(Data section):
#####
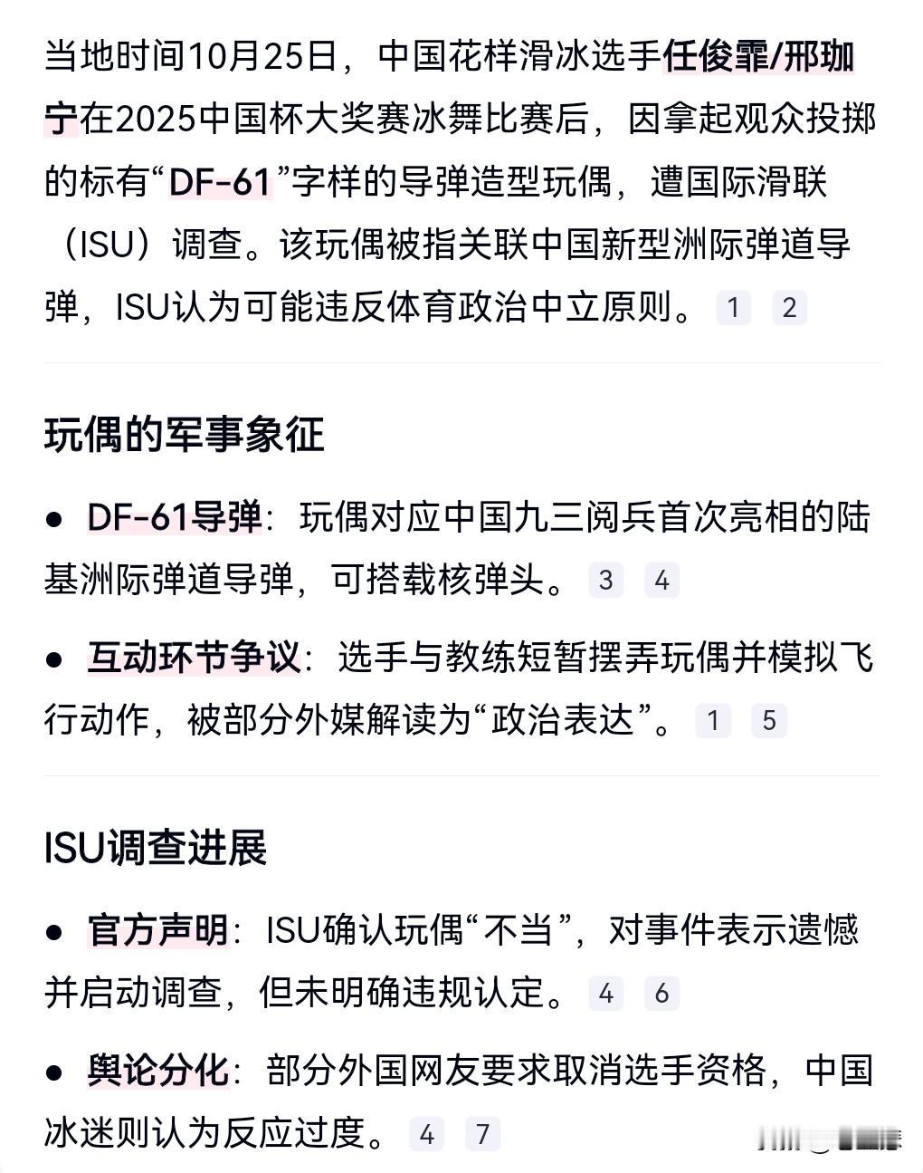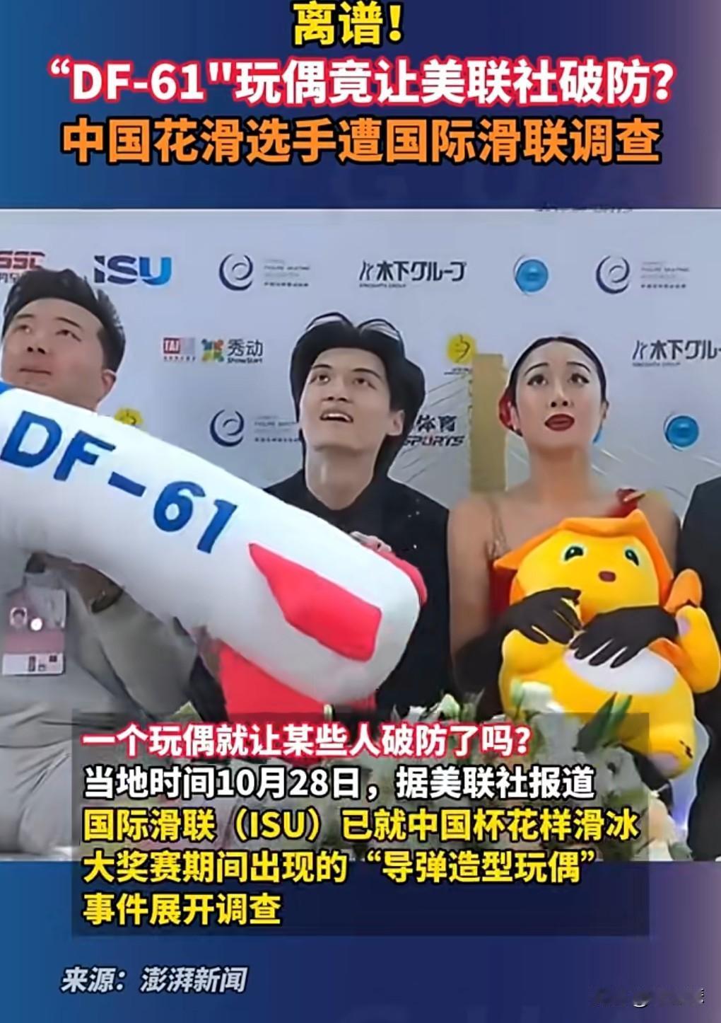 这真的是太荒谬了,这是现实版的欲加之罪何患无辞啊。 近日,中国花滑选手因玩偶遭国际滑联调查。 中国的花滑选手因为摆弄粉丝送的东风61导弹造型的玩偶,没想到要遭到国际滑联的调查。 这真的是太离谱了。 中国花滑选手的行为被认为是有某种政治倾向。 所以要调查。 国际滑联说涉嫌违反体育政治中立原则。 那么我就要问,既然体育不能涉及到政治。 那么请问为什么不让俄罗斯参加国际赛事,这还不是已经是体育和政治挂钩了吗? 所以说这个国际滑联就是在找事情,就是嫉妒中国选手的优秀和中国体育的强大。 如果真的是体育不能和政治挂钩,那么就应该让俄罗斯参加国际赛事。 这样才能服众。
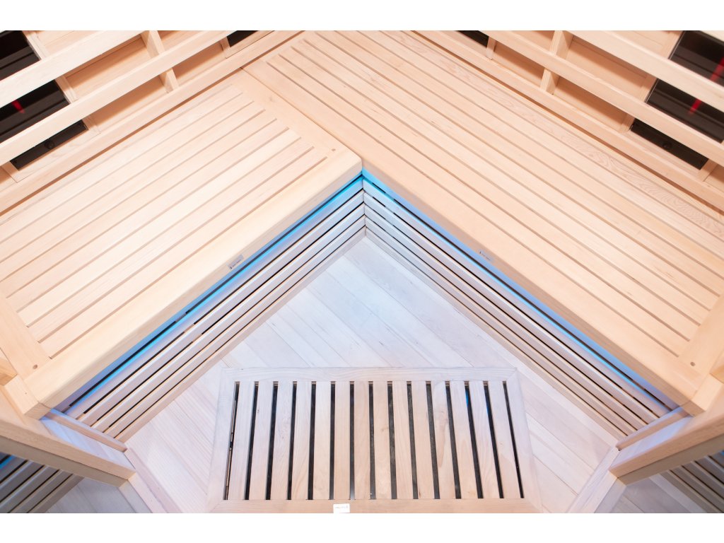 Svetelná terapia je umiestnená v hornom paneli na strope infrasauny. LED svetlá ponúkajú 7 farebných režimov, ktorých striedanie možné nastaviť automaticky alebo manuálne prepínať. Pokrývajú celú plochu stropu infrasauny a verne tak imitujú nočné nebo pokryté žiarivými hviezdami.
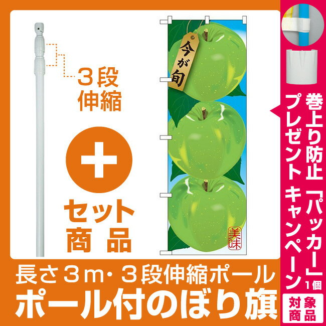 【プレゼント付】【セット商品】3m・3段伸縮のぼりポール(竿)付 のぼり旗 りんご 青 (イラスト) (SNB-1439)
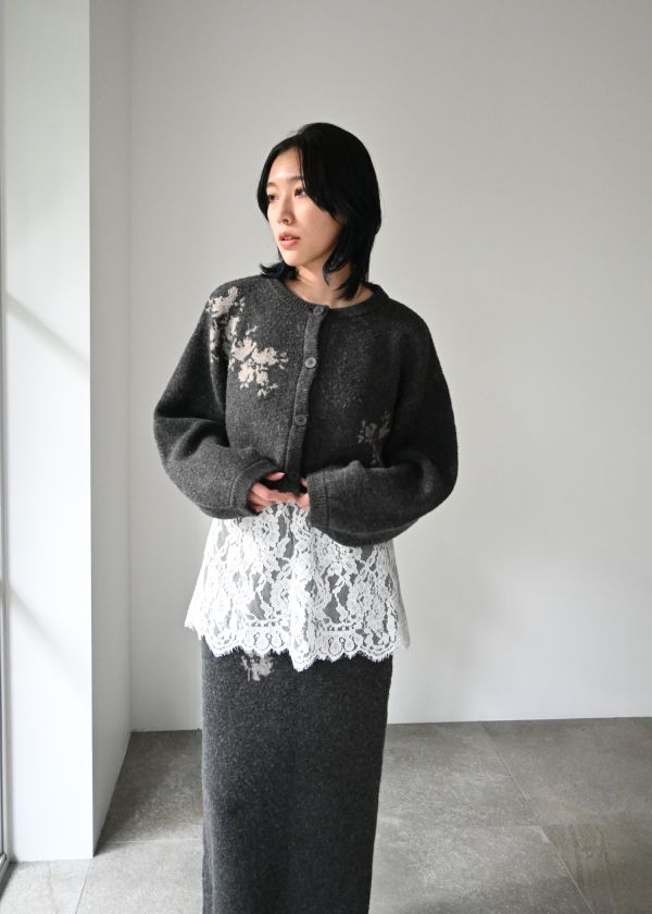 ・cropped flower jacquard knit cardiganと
#####
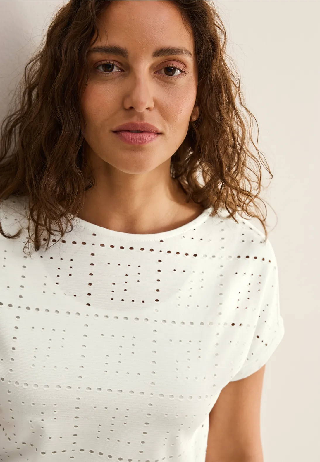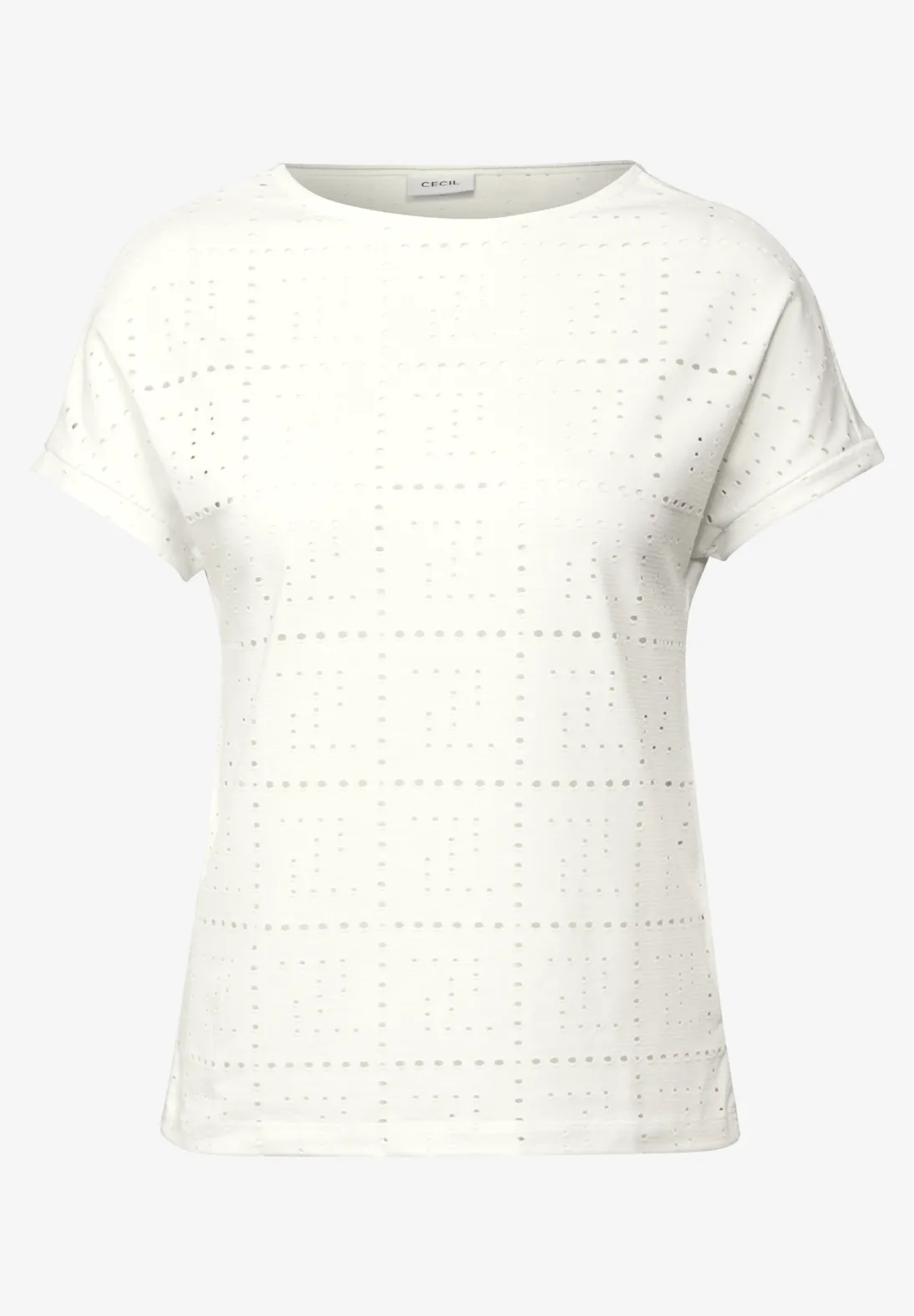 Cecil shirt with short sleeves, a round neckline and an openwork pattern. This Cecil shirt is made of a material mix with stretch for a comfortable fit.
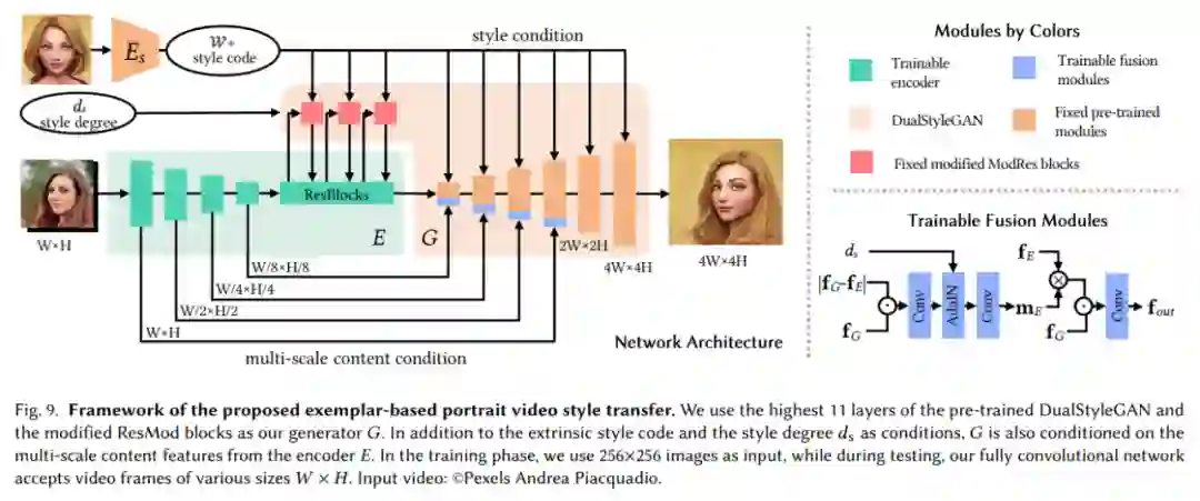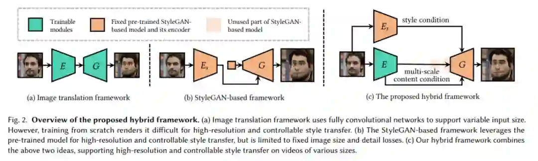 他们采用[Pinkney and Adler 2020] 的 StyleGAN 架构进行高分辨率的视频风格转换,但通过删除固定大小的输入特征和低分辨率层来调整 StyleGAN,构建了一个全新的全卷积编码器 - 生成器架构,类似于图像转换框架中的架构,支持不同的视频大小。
#####
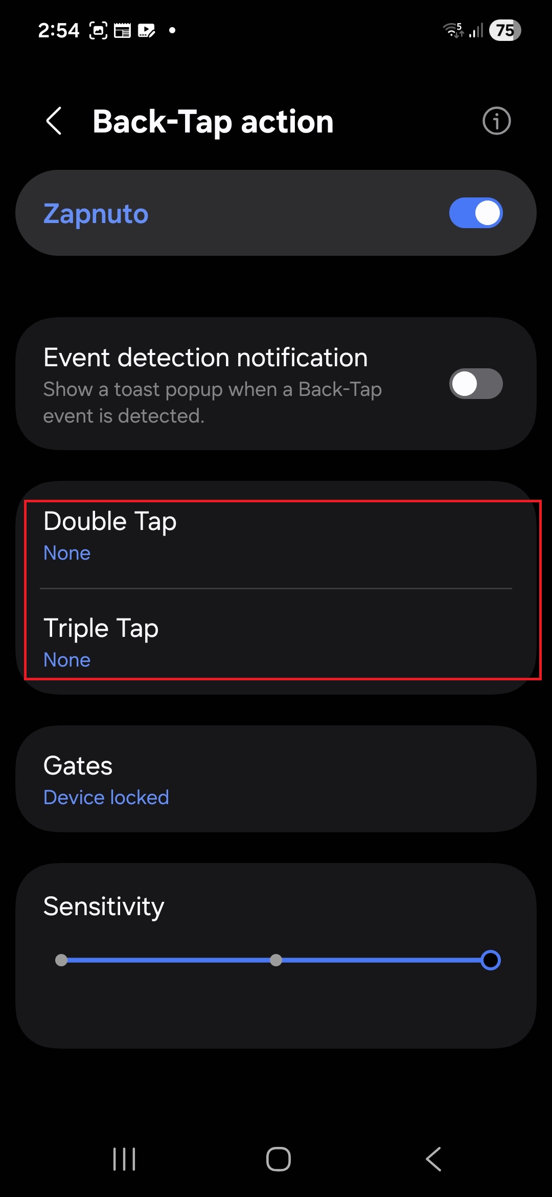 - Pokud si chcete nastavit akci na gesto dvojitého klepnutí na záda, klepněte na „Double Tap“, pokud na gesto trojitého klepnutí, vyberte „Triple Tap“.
#####
(What the task requires): Give back, exactly and without pictures, the stretch of the records above from the line containing "青 (イラスト) (SNB-1439)" through the line containing "jacquard knit cardiganと", with both end lines included.

(Exercise output):
 【プレゼント付】【セット商品】3m・3段伸縮のぼりポール(竿)付 のぼり旗 りんご 青 (イラスト) (SNB-1439)
 ・cropped flower jacquard knit cardiganと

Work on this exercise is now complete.